MOUT up, BUST out

26 Jul 2004 | Lance Cpl. Aaron P. Mankin

A group of Marines go on patrol through a city in the middle of the afternoon.  They hold tight to their rifles as they keep a close eye on the buildings that seem to box them in.  A single shot rings out and echoes down the streets.  The Marines respond instantly as they hug the walls in packs and begin to yell out where the shot came from.  Their sights are narrowed to a single window on the second floor of City Hall.  A grenade is thrown at the building's base and releases a yellow screen of smoke shielding the Marine's attack.  They blitz City Hall in pairs as they climb through windows, flooding the building, to neutralize the threat inside.

This scenario was played out several times during the Basic Urban Skills Training course held at the Military Operations in Urban Terrain facility here July 19-30.  The two-week course took Marines from the classroom to the concrete, from lectures to live fire and from power point to pressure points. 

The training involved Marines from several units, including 3rd Battalion, 2nd Marine Regiment; 2nd Battalion, 6th Marine Regiment; 124 Reserve and the 4th Marine Expeditionary Brigade.

"What we are teaching here is the basics," said Staff Sgt. Ricky Roseberry, a BUST course instructor for G Company, 3rd Battalion, 2nd Marines, 2nd Marine Division. 

"The Marines here are participating in BUST so they can go back to their units and teach their Marines what they have learned.  So when their units come to the MOUT facility, they will be the instructors," said Roseberry.

The instructors utilized a large model of the MOUT facility to allow the Marines to visualize the routes they were to take during their patrol of the city.  The course was structured to include a time of instruction where the Marines were taught the lesson and objectives of the day. 

"It's great for the learning process for them to know they are going to have to teach these techniques to someone else," said Roseberry

The United States has a long history of urban operations.  For the past 55 years Marines have been involved in urban warfare in World War II, Korea, Vietnam, Somalia, Bosnia, Kosovo and now Iraq.

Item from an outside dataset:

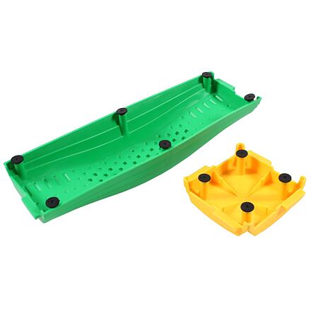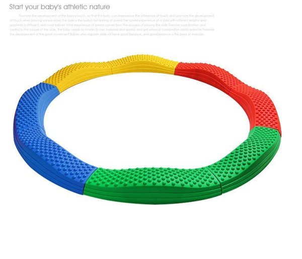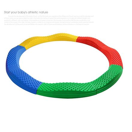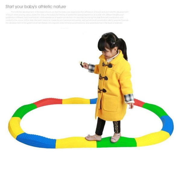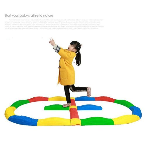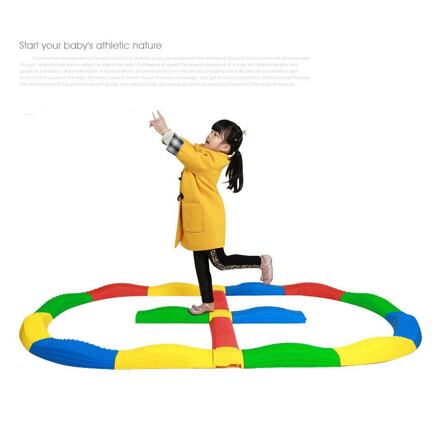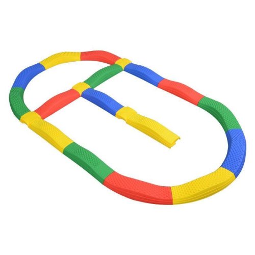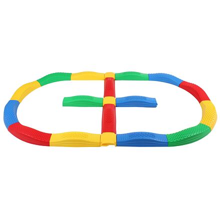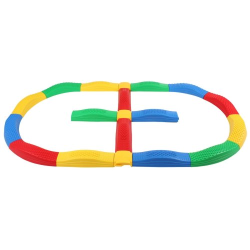 Tato variabilní motorická dráha Balance Bridge 884 je skvělou pomůckou pro nacvičení koordinace pohybu, rovnováhy a prostorové orientace. Nášlapná dráha je vhodný doplněk do mateřských a základních škol, mateřských center nebo dětských kroužků. Jednotlivé plastové díly sady jsou vlnité a mají na povrchu různou strukturu. Chůzí po dráze bez bot si děti mohou masírovat chodidla. Tvar dráhy také pozitivně ovlivňuje plosku nohy a správné držení klenby. Z dráhy mohou děti libovolně vytvářet chodníčky nebo překážkové dráhy (kruhové, had, přeskakovací,...). Pokud k dráze přidáte balanční kameny Balance Stepping Stones 11, můžete vytvořit ještě další varianty chodníků. Sada se skládá z celkem 20 dílů. Osm dílů rovných, osm dílů zahnutých (rozměry cca 42 x 13 cm) a čtyři spojovací díly (rozměry cca 13 x 13 cm). Dílky se k sobě připojují jednoduchým zacvaknutím "zámků". Součástí sady jsou také protiskluzové gumové terčíky, které se dají umístit zespodu každého dílu. Upozornění: Výrobek není vhodný pro děti do 3 let! Vždy používejte pod dohledem dospělé osoby. - sada: 8x zahnutý díl, 8x rovný díl, 4x spojovací díl - materiál: PE plast - délka jednoho dílu: cca 42 cm - maximální nosnost: 50 kg

"You have to have the basics if you want to succeed," said Staff Sgt. Brian P. Mullen, a BUST instructor for F Company, 2nd Battalion, 6th Marines.

"If you don't train for the mental mindset of not knowing what's around the corner, or not knowing if there is going to be weapon pointed at your chest when you open the door, there is no way you'll know how you would react in that situation," said Mullen.

The course stresses the importance of knowing the enemy.  Just as important, is to know the make-up and unique characteristics of the environments that will be faced by Marines.

"It's important the Marines in this course take away the ability to lead their squad into an urban battlefield and know what each man's responsibilities are.  Everyone should know what the next guy is supposed to do and be willing to do it.  We are here to get ready for war," said Mullen.